Ms. Ambika Sewaniya

Designation: Teaching Assistant


Academic Area: B.E in Computer Science, M.Tech in Computer Science (Image Processing), Pursing Ph.D in Deep Learning Healthcare Informatics & Medical Data Analytics, AI in Healthcare (Medical Imaging, Predictive Models, Decision Support)

Brief Profile:

I am working as an Teaching Assistant at Adani University in Computer Science Department. With a robust academic foundation in Computer Science (B.Tech, M.Tech), I am currently pursuing a Ph.D. in applying Deep Learning techniques to Healthcare domains, particularly in medical image analysis, predictive healthcare analytics, and AI-driven clinical decision support systems.

Before joining Adani University, I held an esteemed position as an Assistant Professor at LJ University, where I contributed significantly to both technical education and the development of academic curricula in computer science and engineering. In addition to teaching, I have been deeply involved in multiple National Board of Accreditation (NBA) and National Assessment and Accreditation Council (NAAC) committees, contributing expertise to improve institutional quality standards and accreditation processes.

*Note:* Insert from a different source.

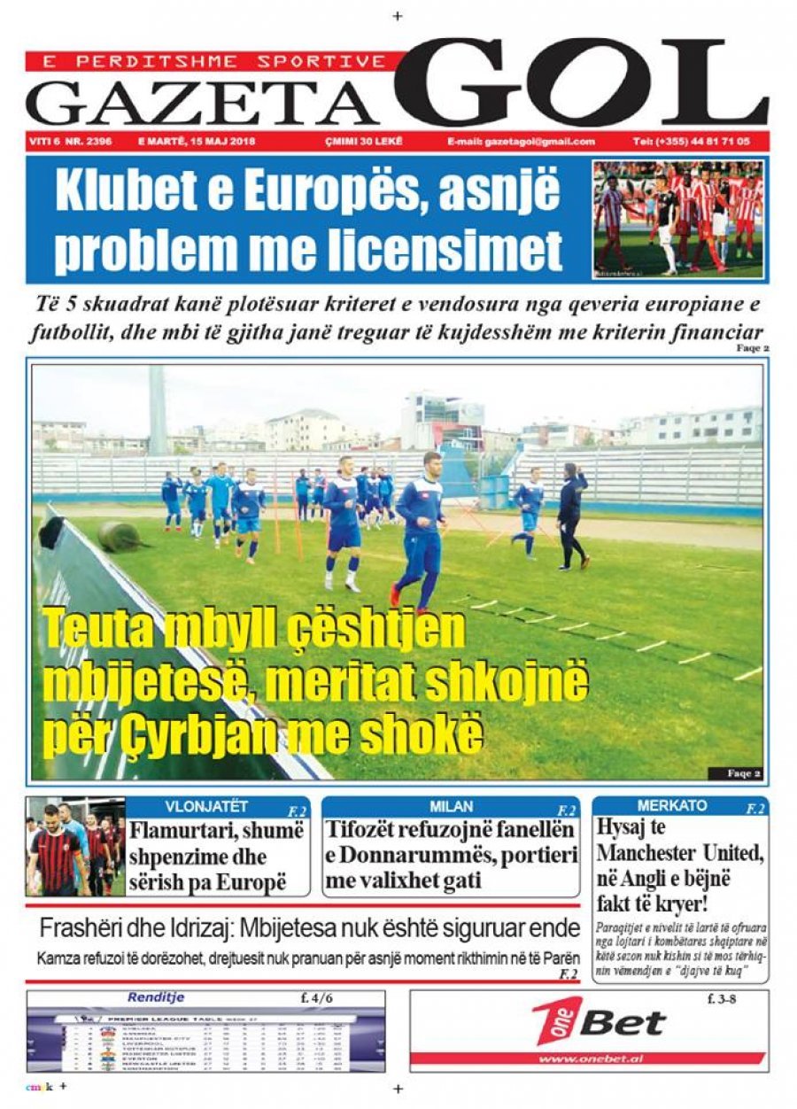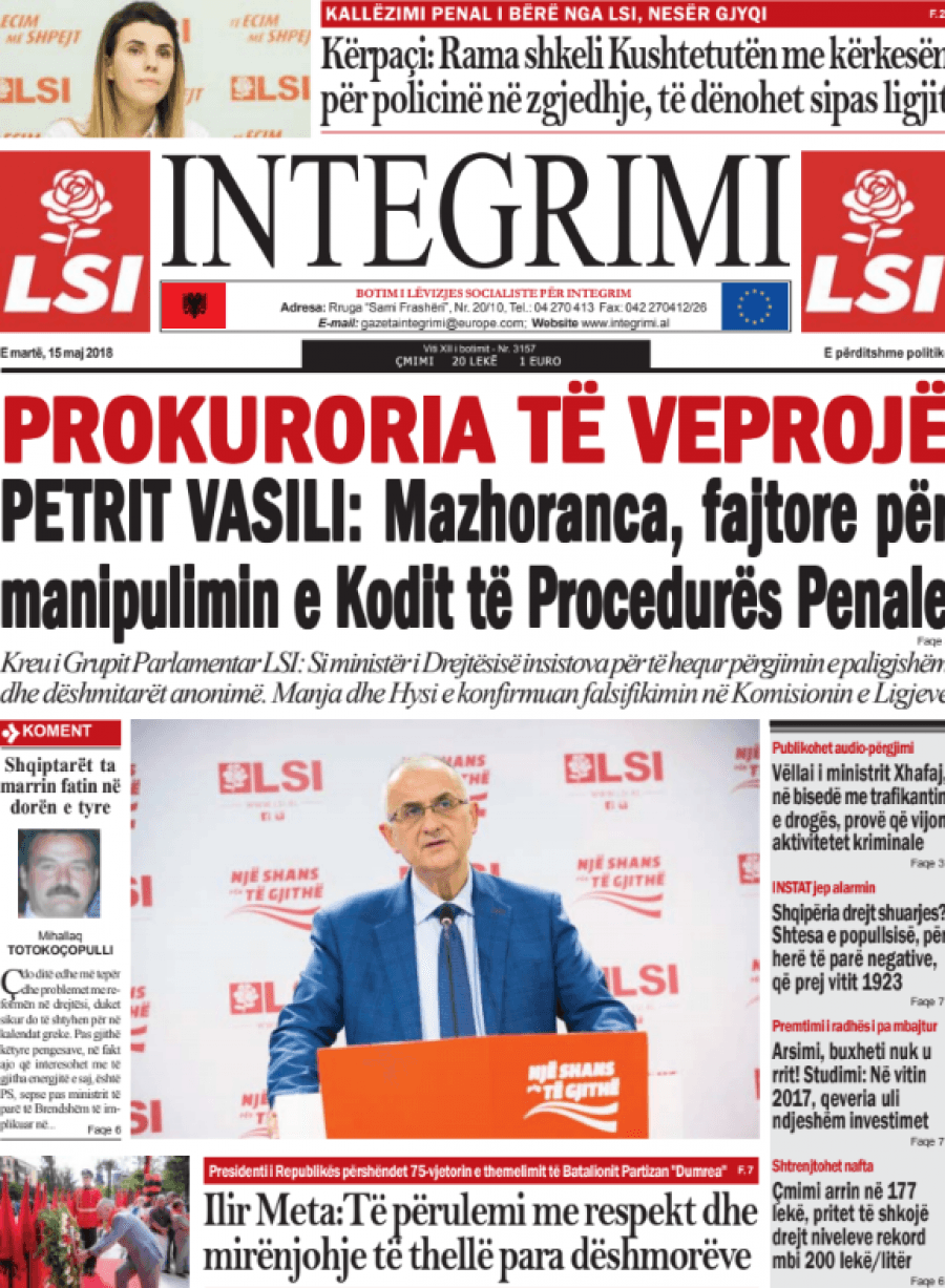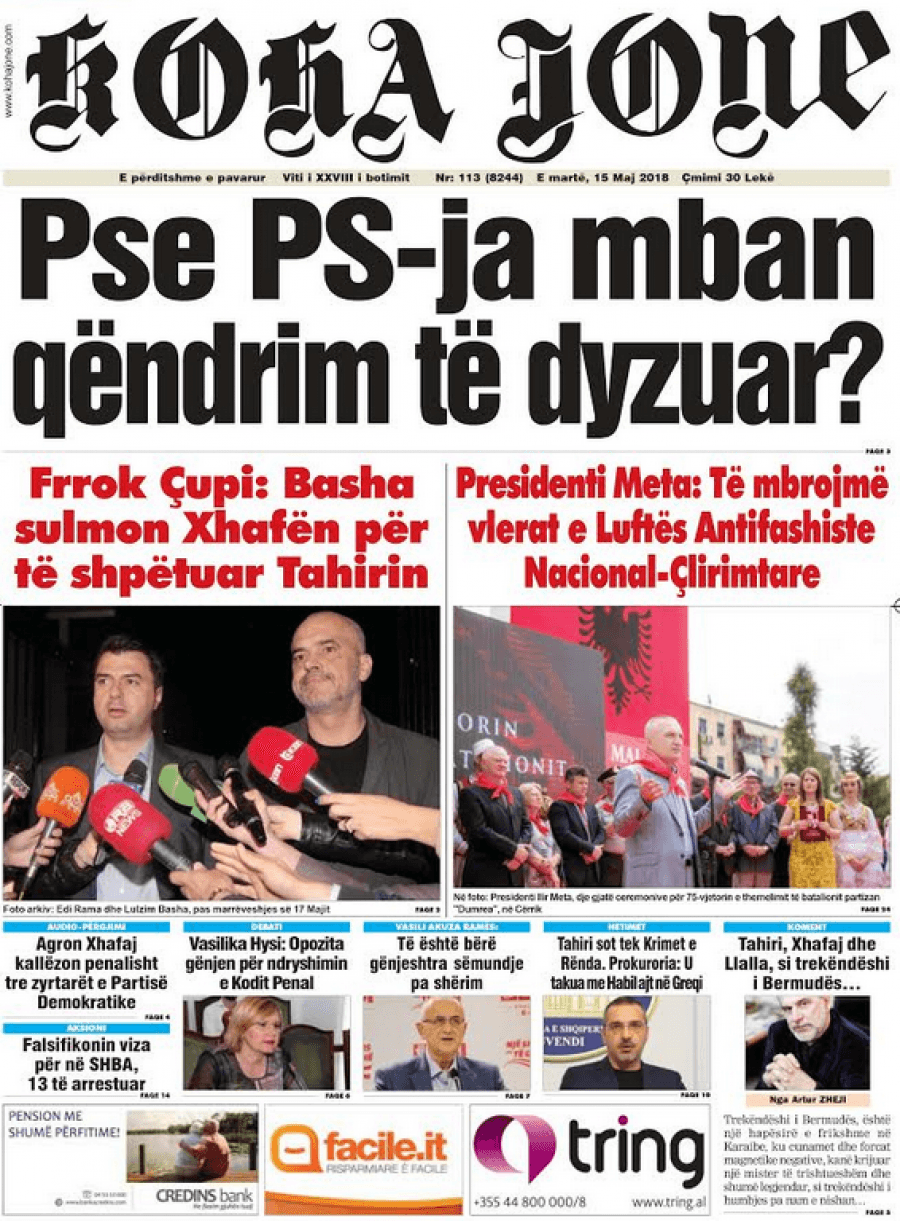 FOTO/ Faqet e para të shtypit të ditës, 15 maj 2018… KryesoretRisi By Pa frike Last updated Maj 15, 2018 63 Këto janë titujt kryesorë të gazetave të datës 15 maj 2018. faqet e para gazetat shtypi i dites 63 Ndaj FacebookTwitterLinkedinGoogle+

I also led and coordinated interdisciplinary technical fests and cultural events at the university level, fostering a culture of innovation and collaboration among students. This experience further honed leadership skills while promoting an active learning environment that merged technical excellence with creativity.


  • B.E in Computer Science
  • M.Tech in Computer Science (Image Processing)
  • and Pursing Phd in Deep Learning techniques to Healthcare domains, particularly in medical image analysis, predictive healthcare analytics.

  • 4.5 Years as Assistant Professor

  • Having NCC Certificate and awarded as NBA coordinator

  • Prediction of Heart Stroke Using Deep Learning Techniques: My current research focuses on the application of deep learning techniques to healthcare challenges, including early disease detection, personalized treatment plans, and improving healthcare outcomes through AI-driven systems. With an emphasis on analyzing large-scale medical data, the research also explores the integration of AI technologies into clinical practice to improve decision-making processes and patient care.

  • AI & Machine Learning for Healthcare (Predictive models, diagnostics, decision support)
  • Medical Imaging & Deep Learning Solutions (Image classification, anomaly detection)
  • Healthcare Data Analytics & Informatics (Patient data analysis, personalized medicine)

  • Attended various FDPS ON MOOCS, NPTEL, Flutter and Figma at University Level.